Mikey, ligoté aux pieds de mon frère, ses cheveux blancs collés au visage à cause de la pluie, les vêtements trempés et dégoulinants, me regardait fixement sans émotion. Au contraire, derrière, Koko et Sanzu, eux, se tortillaient dans tous les sens pour défaire leurs liens et aider leur chef. Ce dernier insultait et menaçait en vain mon frère qui n'avait d'yeux que pour moi. Les Haitani restaient parfaitement calmes mais regardaient mal autour d'eux.
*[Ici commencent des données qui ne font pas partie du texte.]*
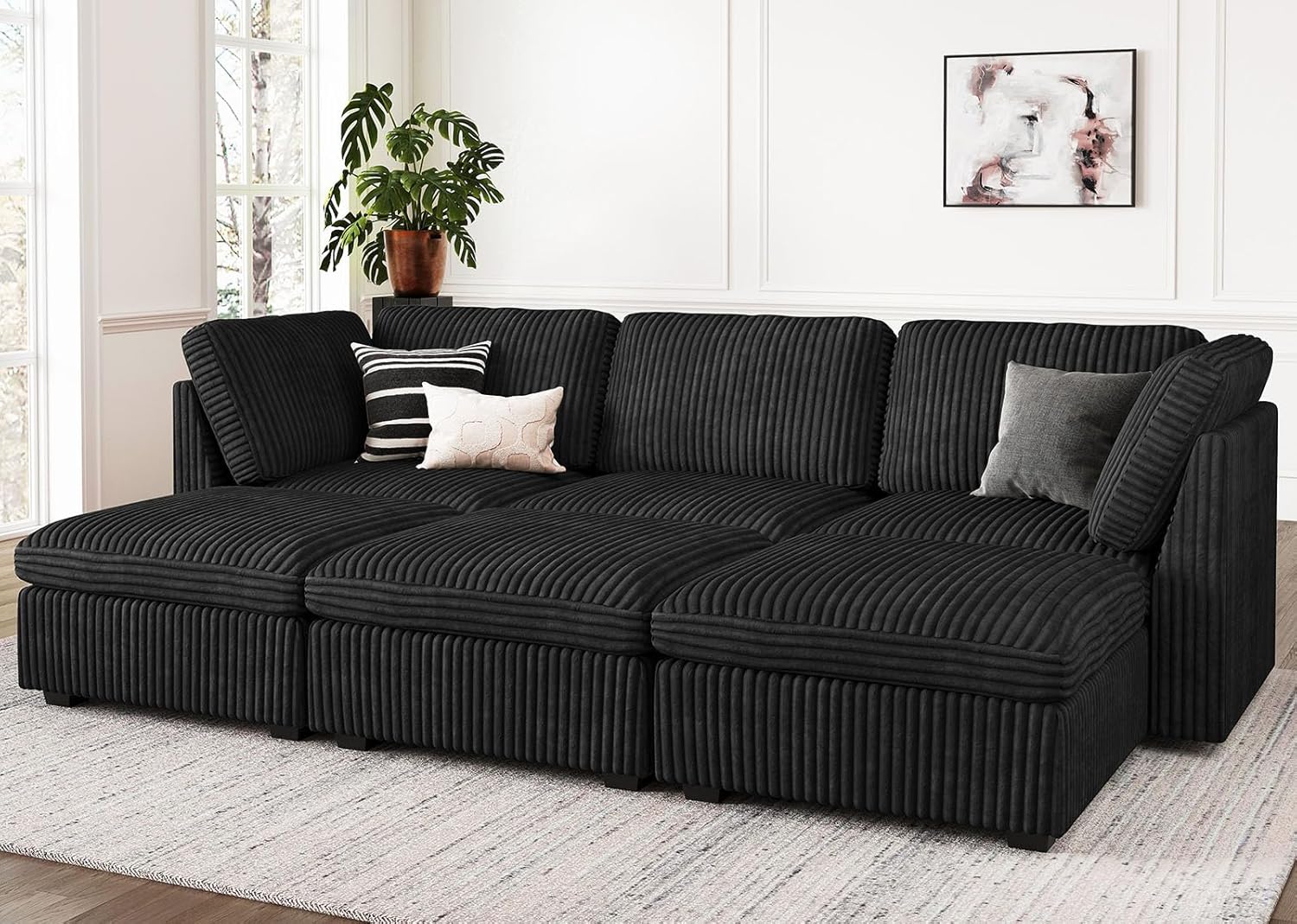 Belffin Modular Sectional Sofa with Sleeper Sofa, Oversized Cloud Couch with Extra Deep Seat, Upholstered 6 Seat Sectional Couches for Living Room, Plush Corduroy Black

Yosuke pointait son arme contre la tempe de Manjiro.

L'eau commençait à s'infiltrer sous mes vêtements comme je restais immobile de surprise. Mon propre frère venait de kidnapper Manjiro Sano et ses subordonnés, pour de l'argent et surtout, surtout, pour me récupérer ? Chose impossible quand on pense qu'il se foutait de moi étant enfants, avait même abandonné ses charges de grand frère pour s'adonner au poste de chef de gang. J'avais été très triste à l'époque où j'habitais encore chez nos parents. Il ne m'avait jamais appréciée, aimée.

Même le jour où il voulut reprendre contact avec moi, lors de ma gloire à la tête de mon gang, riche et puissante, je l'envoyai boulet et il disparut encore.
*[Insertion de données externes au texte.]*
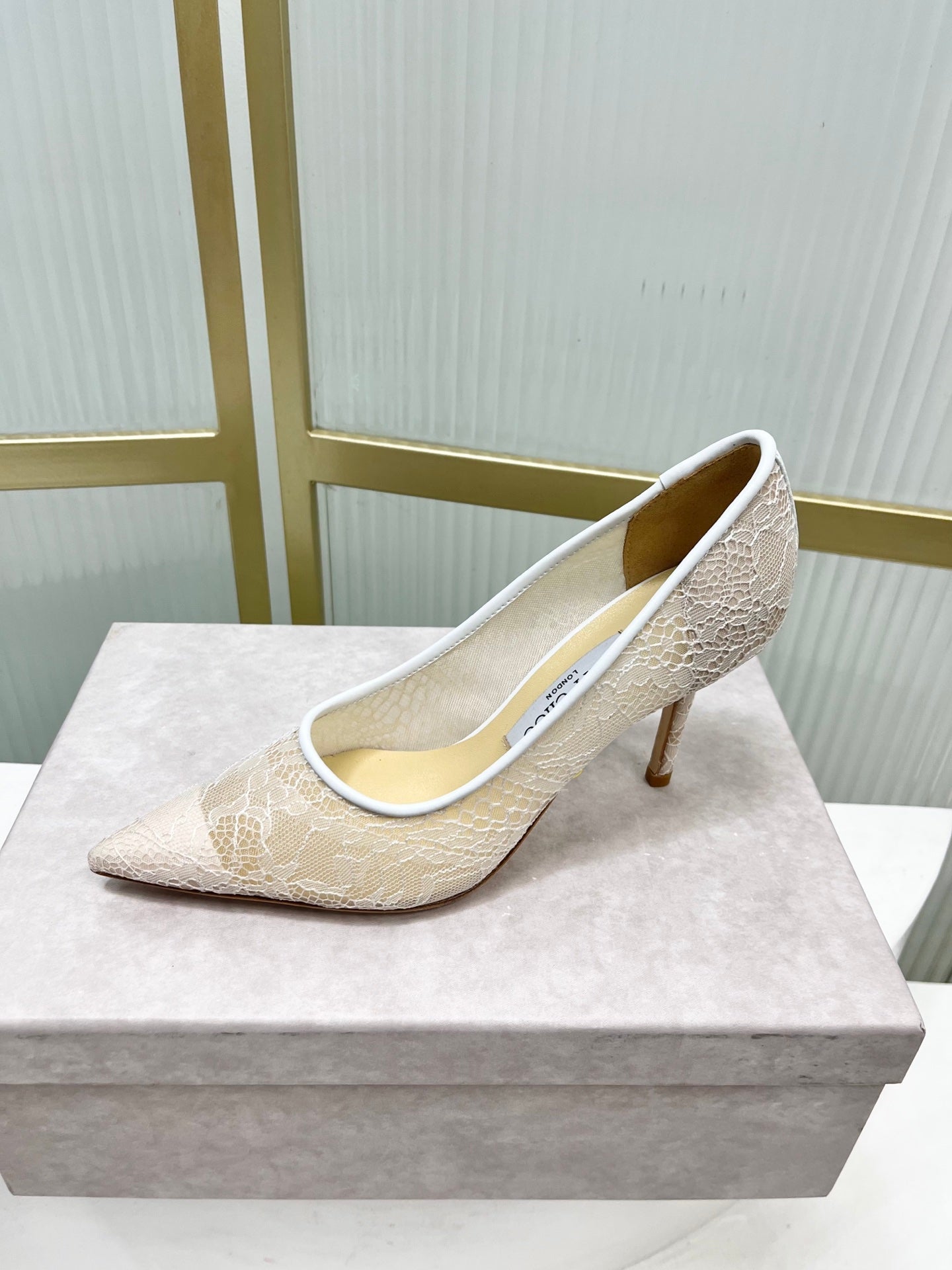 Jimmy 26s Heel Pump 85 White Beige Lace Sheepskin 605960

Alors qu'est-ce qu'il voulait de moi ?

-On a l'argent, dis-je sans préambule, et sans répondre à ses regards insistants.

Je montrai la mallette pleine de faux billets que tenait Kakucho, lui aussi médusé par la scène.

-Tu sais très bien que ce n'est pas tout. Je veux autre chose. Toi. Reviens.

-D'où cette question : pourquoi ? Que puis-je t'apporter à part la vengeance du Bonten et un peu d'argent ?

-Tu ne comprends pas. Tu m'appartiens. Je suis ton frère alors tu dois rester près de moi.

-C'est vrai que c'était vachement le cas quand tu as quitté la maison. Tu t'intéressais trop à moi à cette époque.

-Ne fais pas celle qui ne comprend pas. Je ne te veux pas toi, mais celle que tu représentes aujourd'hui et tes talents.

-Rendez-nous le Boss et vous aurez l'argent, dit soudain Kakucho en nous rappelant que nous n'étions pas seuls.

-Quels que soient vos raisons pourries, je te suivrai comme convenu, j'ajoutai.

Sanzu avait arrêté de gesticuler et écoutait à présent avec beaucoup d'intérêt. Je me dis que je ne risquais rien, puisque Laurent se dissimulait normalement pas loin et nous sauverait grâce à une attaque par derrière.

-Tant mieux ! Je n'ai aucune envie de me battre à mort contre toi. Avance lentement avec l'argent, et tu pourras t'occuper de libérer ton Mikey personnellement.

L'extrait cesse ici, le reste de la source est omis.